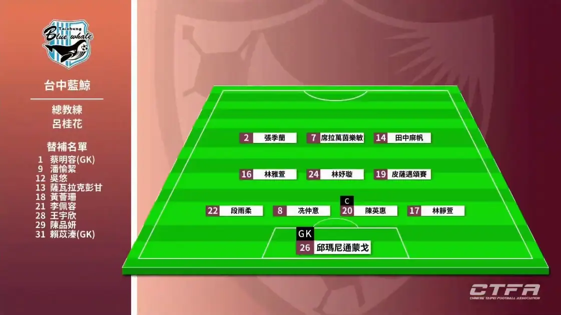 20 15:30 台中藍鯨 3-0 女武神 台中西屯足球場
--
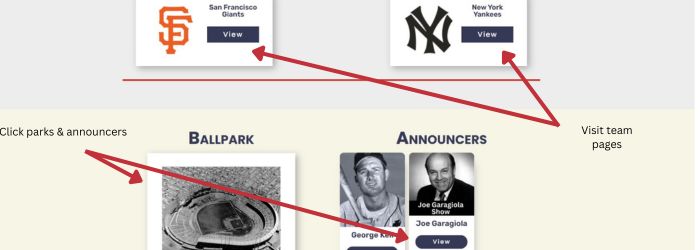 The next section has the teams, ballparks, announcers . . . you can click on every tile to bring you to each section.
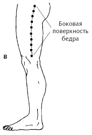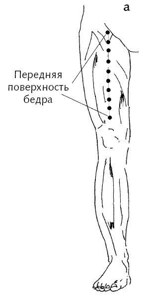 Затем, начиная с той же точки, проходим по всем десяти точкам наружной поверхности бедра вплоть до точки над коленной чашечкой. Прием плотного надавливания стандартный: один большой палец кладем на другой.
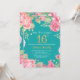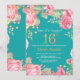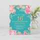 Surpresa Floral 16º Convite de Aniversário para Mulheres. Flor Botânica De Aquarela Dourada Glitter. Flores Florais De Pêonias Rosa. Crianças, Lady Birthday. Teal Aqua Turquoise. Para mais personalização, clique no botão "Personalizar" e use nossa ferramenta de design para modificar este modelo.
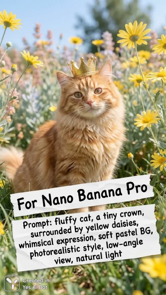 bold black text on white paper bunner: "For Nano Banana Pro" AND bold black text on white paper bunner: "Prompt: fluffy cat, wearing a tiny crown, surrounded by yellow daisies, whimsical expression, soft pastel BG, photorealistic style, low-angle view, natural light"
* * *
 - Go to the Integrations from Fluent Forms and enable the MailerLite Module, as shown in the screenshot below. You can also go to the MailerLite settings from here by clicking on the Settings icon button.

• **The task**: A clean copy is needed of the lines above from the one with "The next section" up to and including the one with "Surpresa Floral 16º". Please set it down exactly, with no pictures.

• **Output of the exercise**:
 The next section has the teams, ballparks, announcers . . . you can click on every tile to bring you to each section.
 Затем, начиная с той же точки, проходим по всем десяти точкам наружной поверхности бедра вплоть до точки над коленной чашечкой. Прием плотного надавливания стандартный: один большой палец кладем на другой.
 Surpresa Floral 16º Convite de Aniversário para Mulheres. Flor Botânica De Aquarela Dourada Glitter. Flores Florais De Pêonias Rosa. Crianças, Lady Birthday. Teal Aqua Turquoise. Para mais personalização, clique no botão "Personalizar" e use nossa ferramenta de design para modificar este modelo.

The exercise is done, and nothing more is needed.